WE MUST ENSURE PYTHON CONSISTENCY BETWEEN NOTEBOOK AND FEAST SERVERS

examples/rhoai-quickstart/feast-demo-quickstart.ipynb

0.63.013.8 KB
Original Source

Installing Feast

Feast is a python dependency so we have to install it using pip

python
# WE MUST ENSURE PYTHON CONSISTENCY BETWEEN NOTEBOOK AND FEAST SERVERS
# LAUNCH THIS NOTEBOOK FROM A CLEAN PYTHON ENVIRONMENT >3.9
%pip install -q feast==0.40.1
# grpcio is needed as a dependency in the later section of the example to run the feast registry server.
%pip install -q grpcio

Creating and initializing Feast project

python
# Displaying the current directory. We will know where the feast files will be created so that we can review them using jupyter console or explorer
%pwd
python
# Creating the feast repository. If there is already existing repository then removing it first.
!rm -rf my_feast_project
!feast init my_feast_project

Above output displays where the feast repo has been created. It may differ based on the environment configuration.

python
# Going to change the current directory to feature_repo so that we can execute feast CLI commands.
%cd my_feast_project/feature_repo
python
# Inspect the feast repo path files. Displaying folder strucuture as tree. Going to describe each file/folder purpose.
!find . | sed -e 's/[^-][^\/]*\// |-- /g' -e 's/|-- \(.*\)/+-- \1/'

Now the feast repo has been created for you. Running the feast init command populated the directory with an example feature store structure, complete with example data.

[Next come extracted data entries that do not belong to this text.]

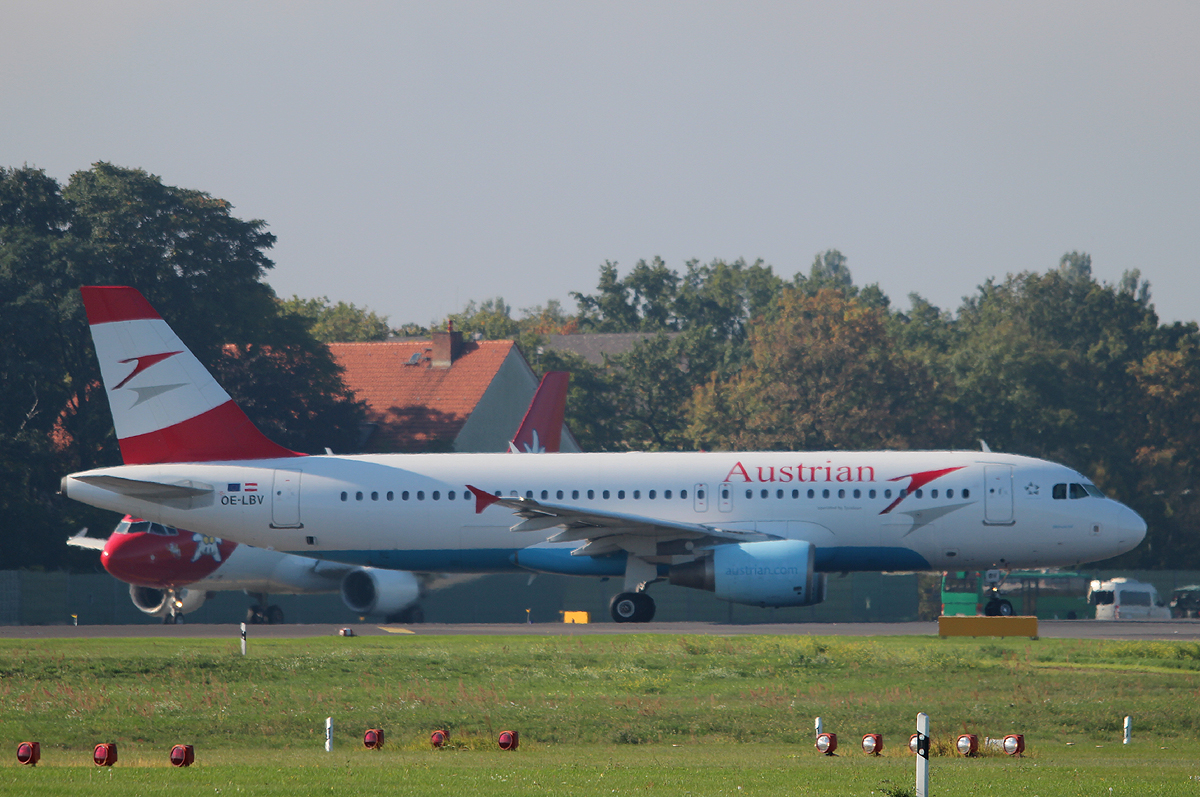 Austrian Airlines A 320-214 OE-LBV kurz vor dem Start in Berlin-Tegel am 28.09.2013
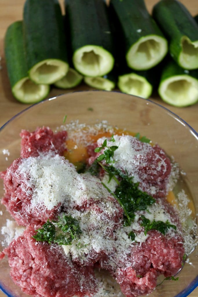 • Après avoir nettoyé toutes les courgettes, nous passons à la préparation de la farce. Dans un saladier, nous mettons la viande hachée, ajoutons le pain bien essoré et l’émiettons directement sur la viande. Nous ajoutons ensuite une pincée de sel, du poivre, du persil haché, une gousse d’ail coupée en petits morceaux, le parmesan râpé et deux œufs. Nous mélangeons le tout avec les mains jusqu’à obtenir une pâte homogène. Avec la farce à base de viande, nous remplissons nos courgettes. Nous pouvons le faire facilement en utilisant les doigts pour pousser bien le mélange à l’intérieur, ou, si vous préférez, vous pouvez vous aider d’une cuillère ou même d’une poche à douille sans embout : ce sera encore plus simple et rapide.
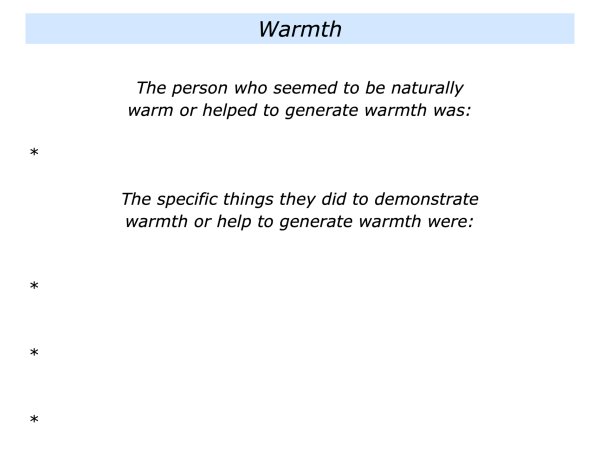 What was the name of the person? This could have been a parent, friend, teacher, coach or another person. What did they do to demonstrate warmth or help to generate warmth?
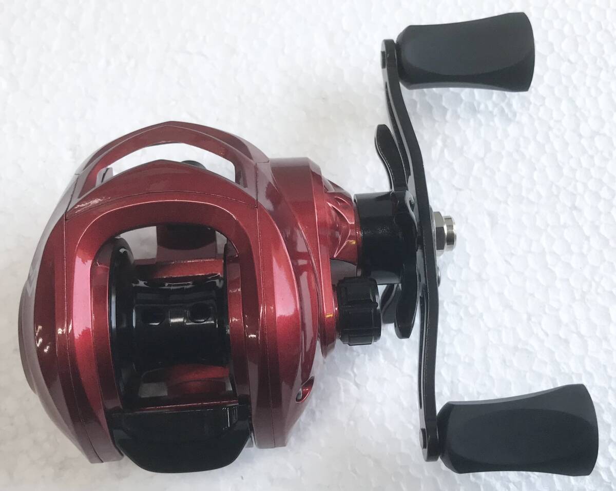 写真のSOUGAYILANGベイトキャスティングリール LP200ワインレッドメタリック右ハンドル(新品未使用)を発送します(送料無料)。
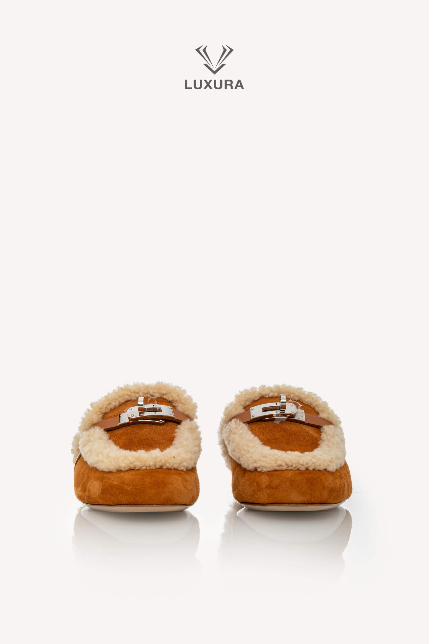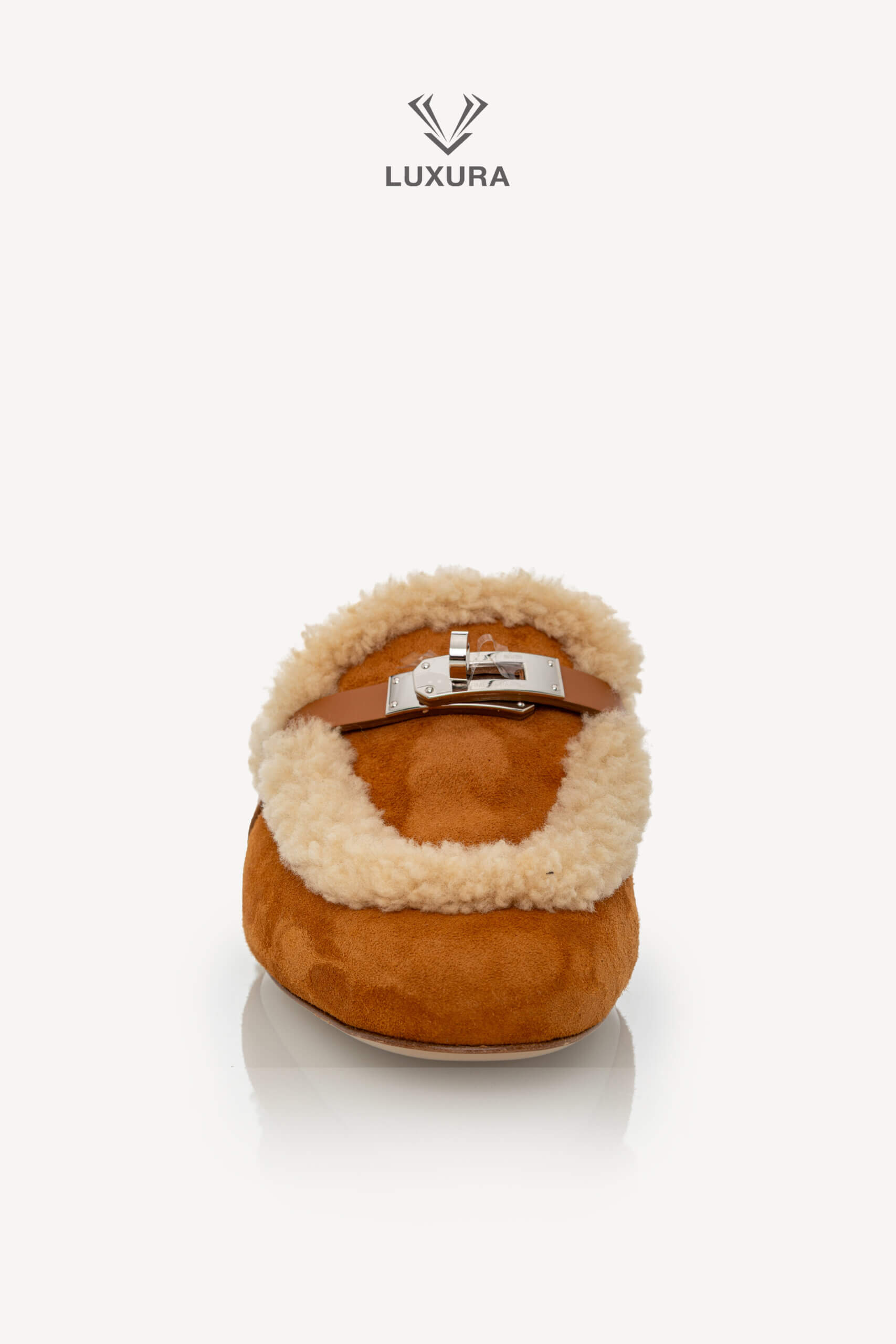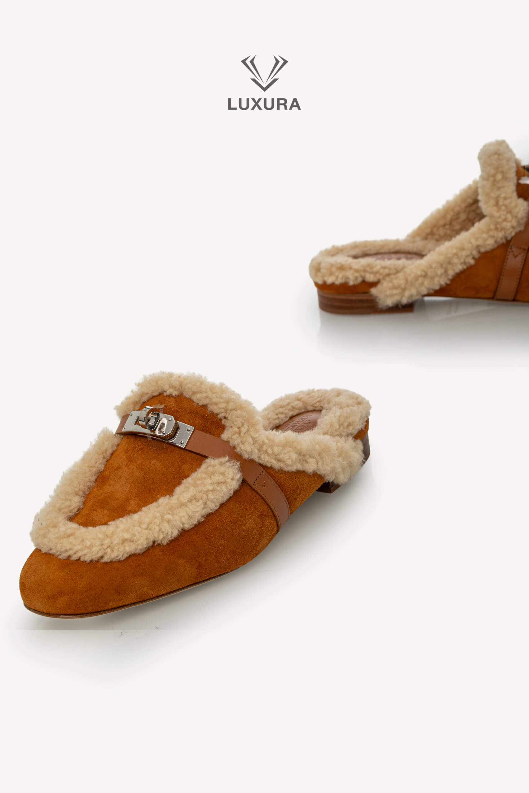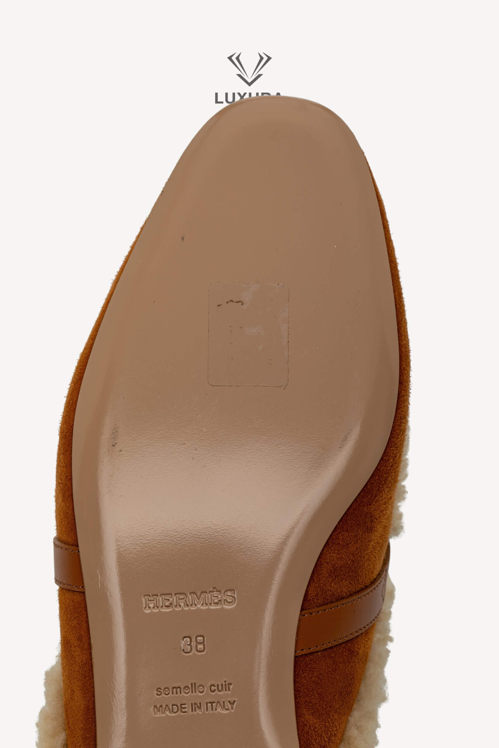 Această pereche pre-owned de mule Hermes Shearling Suede Oz, mărimea 38 (24.47 cm), este confecționată din piele de capră suede și piele de vițel, cu interior din blană shearling pentru confort și căldură. Culoarea naturel accentuează textura naturală a materialelor, iar hardware-ul argintiu adaugă un detaliu discret de rafinament. Produsul este autentic, în stare impecabilă, și este livrat cu cutia originală, dust bag și certificat de conformitate. Luxura Elite este o platformă independentă de resale, fără afiliere cu brandul Hermes.
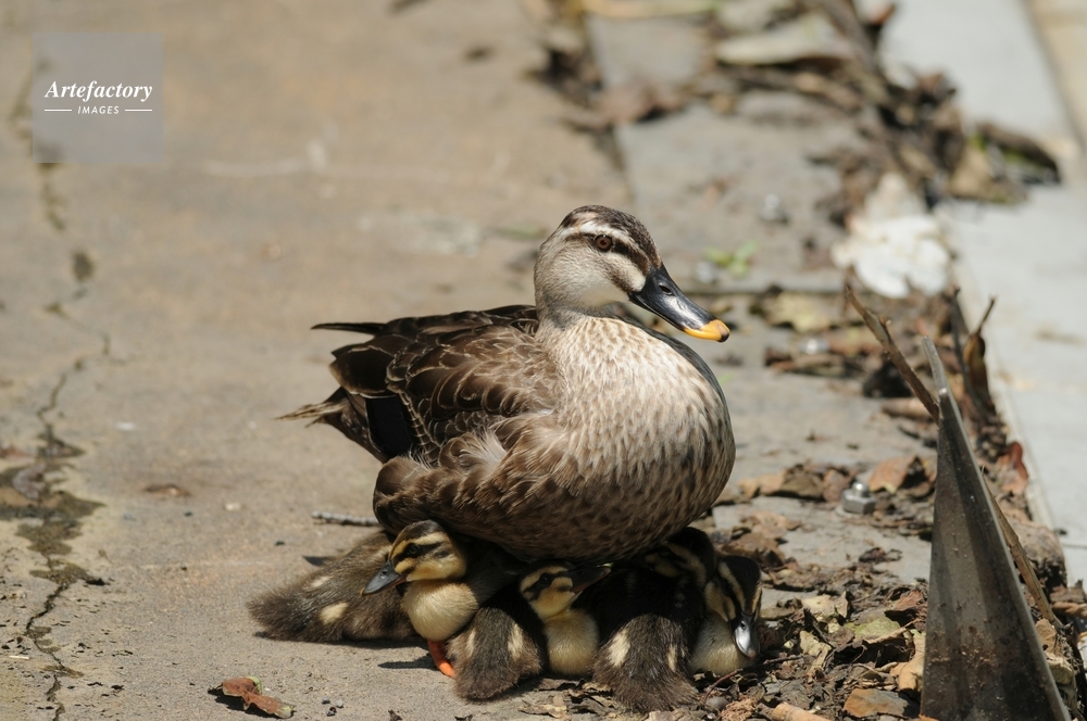 | キャプション | 親子 土手の上でヒナを抱き直射日光から子供を守る | 制限事項 | ||

We are defining an entity for the driver in the current example. You can think of an entity as a primary key used to fetch features. Rest of the example will work on the driver data. All the data is coming from the data/driver_stats.parquet file which will act as offline store in our example.

Inspect the below files before going further in the current example.

data contains the parquet file data used to demonstrate this example.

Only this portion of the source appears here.